History and evolution of electromobility

The first electric vehicles started in the 1830s. Model trains were electrified and around 1832, the first cart in Scotland was equipped with an electric motor. The introduction of the first electric car happened in Paris about 50 years later and another seven years later the first passenger car called the "Flocken Elektrowagen" followed.

With the increasing degree of industrialization and the spread of electricity, the car continued to evolve and spread and at the turn of the century around 1900 there were three main types of drives on US roads. Of these, the combustion engines only made up about 20%, steam-powered and electric vehicles each had a share of 40% or around 34,000 vehicles. The range of electric vehicles at that time was about 100 km. However, the demand for electric vehicles decreased with the significantly greater range of petrol engines, cheap oil and, last but not least, the starter, which made starting an internal combustion engine much more convenient and less dangerous.

Electromobility only revived in the 1990s. Until then, it had never really disappeared, but struggled on the street with a niche existence in the form of trolleybuses, light transport vehicles and in the tourism industry. In 1997 Toyota started the first mass production of an electrified vehicle with the Prius and seemed to hit the zeitgeist. The model has sold millions of times since production started. Since then, other well-known manufacturers have entered electromobility, be it with hybrid or fully electric models.

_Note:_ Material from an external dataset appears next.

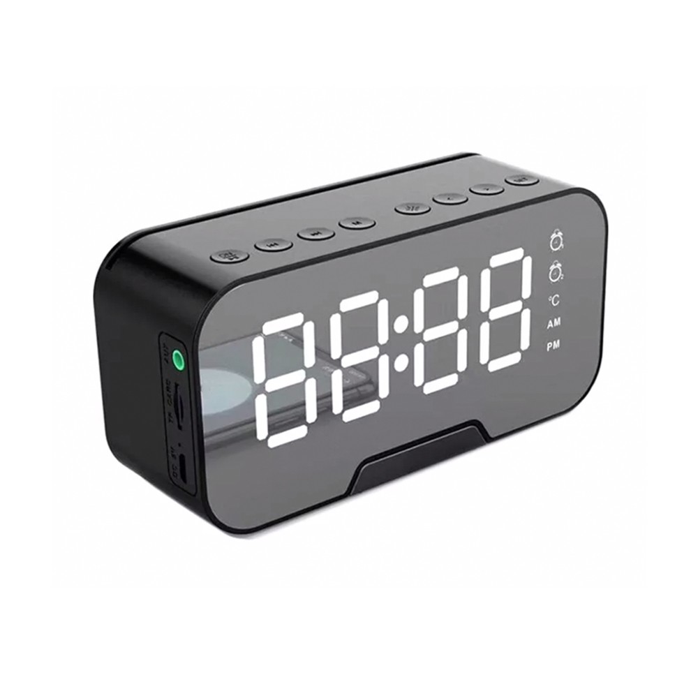 Популярная модель электронных часов Alorra заслуженно занимает первое место как наиболее функциональные и практичные цифровые часы. Зеркальная поверхность экрана, яркое отображение времени и великолепный бонус в виде беспроводной колонки, радиоприемника и выдвижной подставки для телефона. Размер товара в индивидуальной упаковке: 15.3 * 9.5 * 5 Вход: 5V/2A USB кабель (Мощность колонки 4Ω х 3W) Тип батареи: встроенная Li-ion батарея 1400 mAh. Упаковка: коробка (+ пакет, руководство пользователя на русском языке, кабель для зарядки) Функции: Время / Температура / Будильник / Колонка bluetooth / Держатель мобильного телефона / FM-радио / Разьем HiJack 3.5мм / Hands free speaker

The electric range starts at around 30 km for hybrid vehicles and extends up to 600 km for fully electric vehicles such as the Tesla Model S. All vehicles and performance classes are represented, from small to sports cars. But what is in the vehicles? What are the pitfalls, disadvantages, opportunities and advantages?

The structure of an electric vehicle does not differ much from a vehicle with a conventional drive. A "tank" for the "fuel" in the form of a battery is required. An energy converter converts the energy of the fuel into kinetic energy. In addition, a "refueling system" is essential so that the journey does not end prematurely. The most important components are briefly explained below.

The charging station is required to charge the high-voltage battery. You can charge in two different ways. The battery can be charged relatively quickly using direct current. Powers of up to 270 kW are possible with the Porsche Taycan, which still leads to a charging time of 45 minutes with a battery capacity of around 100 kWh. This is due to the charging strategy, which reduces the charging power to protect the battery when the charge level is higher. A major disadvantage of this type of charging is that special charging stations are used for this, which are often only found on motorways. In the city and in private households it is mainly charged with the second option, alternating current. It can be charged via a normal household socket (230V), which corresponds to about 2.2kW in Germany or via a high-voltage connection (400V) which enables up to 22W. Which leads to a drastic increase in charging time of 4.5 hours. This is also a major criticism of electric driving.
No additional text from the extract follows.